A sample application has been created for this tutorial. Once you set it up, it will run in your local environment.
Prerequisites
- Familiarity with Docker and Docker Desktop installed on your local machine. You can follow Docker’s tutorial for Windows or macOS.
- GitHub account
- CircleCI account
- Azure account with an active subscription
- Basic knowledge of building applications with ASP.NET Core framework
- Azure CLI installed on your workstation
Setting up the development environment
To help understand the concepts in this article, a simple .NET application has been created — a weather API that gives a forecast for the week. Use Git {: target=”_blank”} to clone the sample application to your development environment.
git clone https://github.com/CIRCLECI-GWP/docker-dotnet-app-aks
Change into the cloned directory:
cd docker-dotnet-app-aks
Authenticating with Azure
To run commands using the Azure CLI, you will need to be authenticated. Use this command:
az login
This opens a new window in your browser. Provide your email address and password to complete the authentication process. When the authentication process is complete, the subscription details will be printed out in your terminal. Make a note of the id key; you will need it when creating a service principal.
this command:
az ad sp create-for-rbac --name <service_principal_name> --scopes /subscriptions/<subscription_id> --role owner
In the command, service_principal_name can be any name you choose, and subscription_id is the value of the id key in the terminal output of the successful login. On successful completion, the service principal information will be printed on the terminal. The information displayed includes the appId and password; both will be used to log in to the container registry.

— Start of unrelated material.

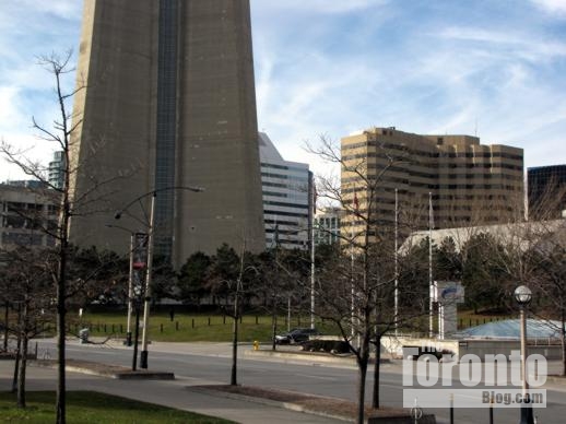 View towards the Ripley Aquarium site from the base of the CN Tower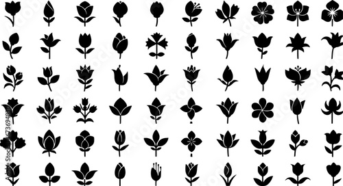 Black silhouettes of various plants and floral elements botanical nature vector, isolated on white background, cutout, png, clipping path, transparent, image, download, 2025,2026 download

Setting up the Container Registry
Create a new resource group using this command:
az group create --name AzureRG --location eastus
Next, create a new container registry using this command:
az acr create --resource-group AzureRG --name dotnetaksdemo --sku Basic
NOTE: The registry name must be unique. If your name is already in use, you will get an error prompting you to choose a different, unique name. You can use the Registries API to check for available names. In this tutorial, we will use the registry name dotnetaksdemo.
With a registry successfully set up, you can build the Docker image and push it to the registry.
Building the Docker image
The application contains a Dockerfile containing instructions for building and serving the API. When building the application, specify the registry DNS name:
docker build -t dotnetaksdemo.azurecr.io/dotnetapi-aks-app:latest .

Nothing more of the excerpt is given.